**Source material**
----------------------------------------
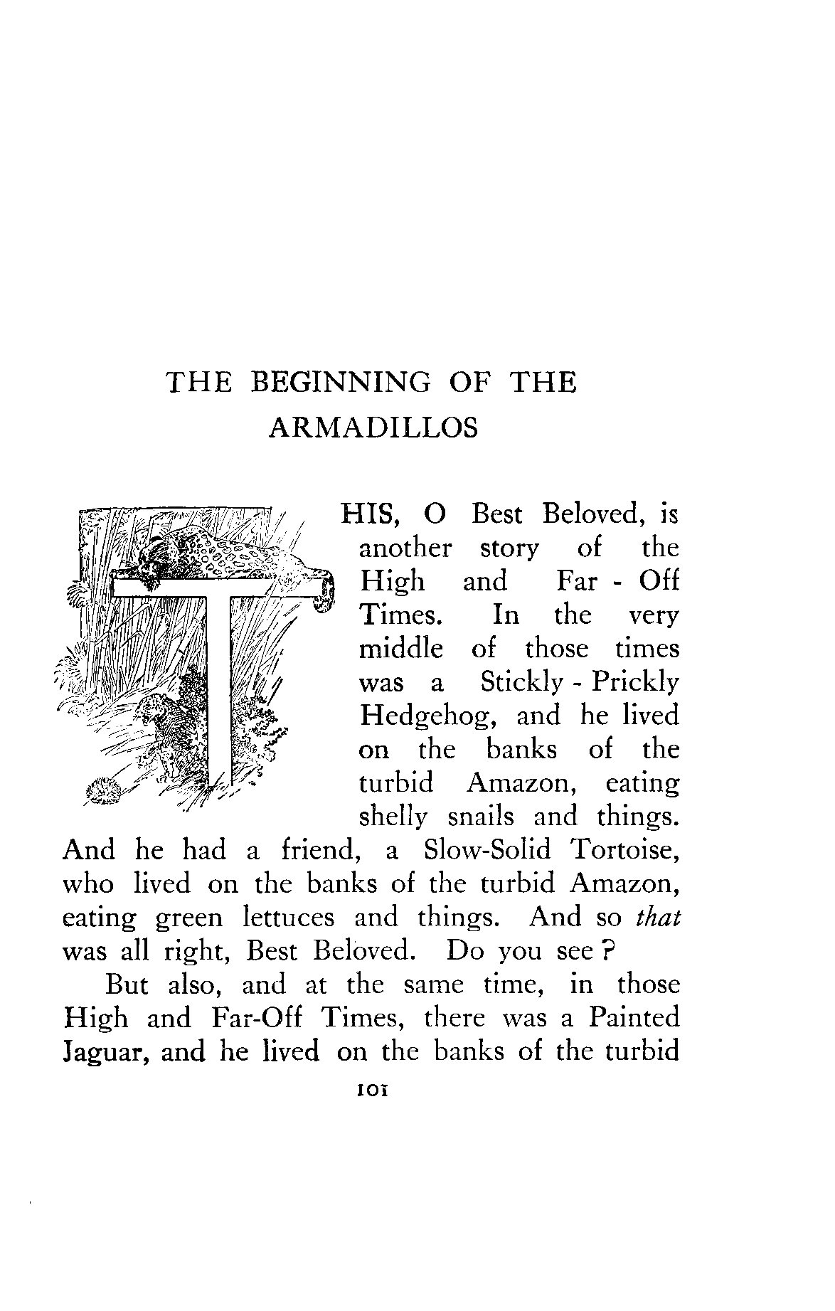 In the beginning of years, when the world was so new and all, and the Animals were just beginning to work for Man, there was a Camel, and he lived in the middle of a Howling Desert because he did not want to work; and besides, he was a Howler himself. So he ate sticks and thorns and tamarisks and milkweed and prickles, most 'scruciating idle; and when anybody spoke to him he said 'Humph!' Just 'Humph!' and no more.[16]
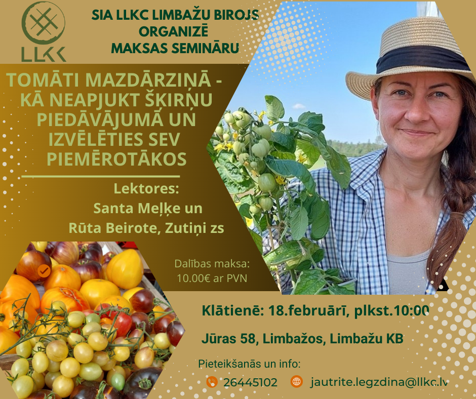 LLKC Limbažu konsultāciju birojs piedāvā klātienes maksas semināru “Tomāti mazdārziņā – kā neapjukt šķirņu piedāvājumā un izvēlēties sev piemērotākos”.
----------------------------------------
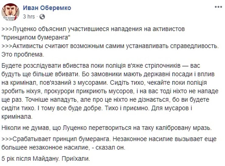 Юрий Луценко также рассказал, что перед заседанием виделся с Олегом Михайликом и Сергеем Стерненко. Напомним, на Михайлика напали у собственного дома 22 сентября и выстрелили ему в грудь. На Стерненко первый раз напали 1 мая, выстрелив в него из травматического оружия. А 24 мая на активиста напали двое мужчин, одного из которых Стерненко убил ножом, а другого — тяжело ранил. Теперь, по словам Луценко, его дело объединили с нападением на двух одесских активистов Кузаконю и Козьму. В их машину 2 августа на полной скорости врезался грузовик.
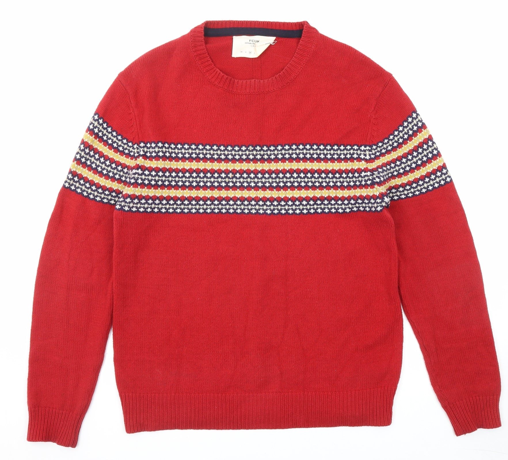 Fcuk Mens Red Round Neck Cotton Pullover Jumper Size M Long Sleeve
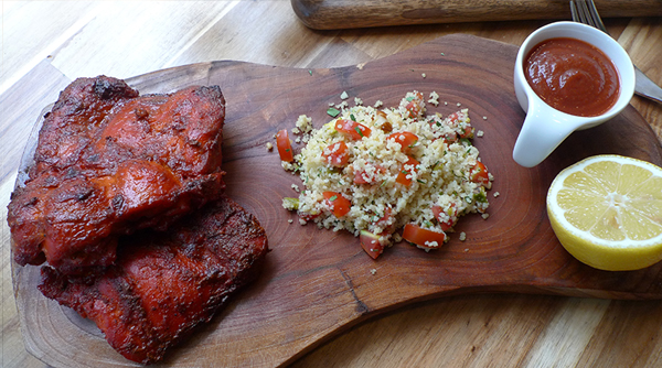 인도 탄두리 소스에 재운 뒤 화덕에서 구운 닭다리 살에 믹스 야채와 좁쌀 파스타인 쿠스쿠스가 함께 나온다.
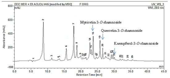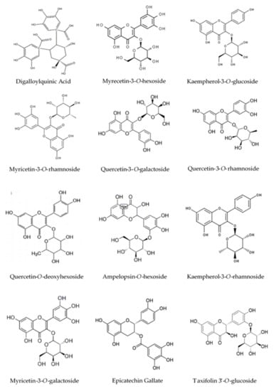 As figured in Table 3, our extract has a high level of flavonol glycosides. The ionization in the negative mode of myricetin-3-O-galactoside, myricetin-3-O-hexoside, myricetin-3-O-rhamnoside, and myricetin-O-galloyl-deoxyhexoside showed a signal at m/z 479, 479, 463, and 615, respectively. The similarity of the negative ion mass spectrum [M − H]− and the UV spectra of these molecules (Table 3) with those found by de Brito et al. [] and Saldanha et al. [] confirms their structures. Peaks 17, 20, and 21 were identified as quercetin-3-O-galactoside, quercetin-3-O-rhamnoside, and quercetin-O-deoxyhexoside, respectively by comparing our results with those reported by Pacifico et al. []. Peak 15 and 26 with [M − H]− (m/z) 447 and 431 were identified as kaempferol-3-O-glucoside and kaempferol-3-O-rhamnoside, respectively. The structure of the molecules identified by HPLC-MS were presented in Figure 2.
----------------------------------------
**Exercise objective**
From the records above, return exactly the lines running from the one that contains "Fcuk Mens Red" down to the one that contains "As figured in", both included, without any pictures.

**Problem solution**
 Fcuk Mens Red Round Neck Cotton Pullover Jumper Size M Long Sleeve
 인도 탄두리 소스에 재운 뒤 화덕에서 구운 닭다리 살에 믹스 야채와 좁쌀 파스타인 쿠스쿠스가 함께 나온다.
 As figured in Table 3, our extract has a high level of flavonol glycosides. The ionization in the negative mode of myricetin-3-O-galactoside, myricetin-3-O-hexoside, myricetin-3-O-rhamnoside, and myricetin-O-galloyl-deoxyhexoside showed a signal at m/z 479, 479, 463, and 615, respectively. The similarity of the negative ion mass spectrum [M − H]− and the UV spectra of these molecules (Table 3) with those found by de Brito et al. [] and Saldanha et al. [] confirms their structures. Peaks 17, 20, and 21 were identified as quercetin-3-O-galactoside, quercetin-3-O-rhamnoside, and quercetin-O-deoxyhexoside, respectively by comparing our results with those reported by Pacifico et al. []. Peak 15 and 26 with [M − H]− (m/z) 447 and 431 were identified as kaempferol-3-O-glucoside and kaempferol-3-O-rhamnoside, respectively. The structure of the molecules identified by HPLC-MS were presented in Figure 2.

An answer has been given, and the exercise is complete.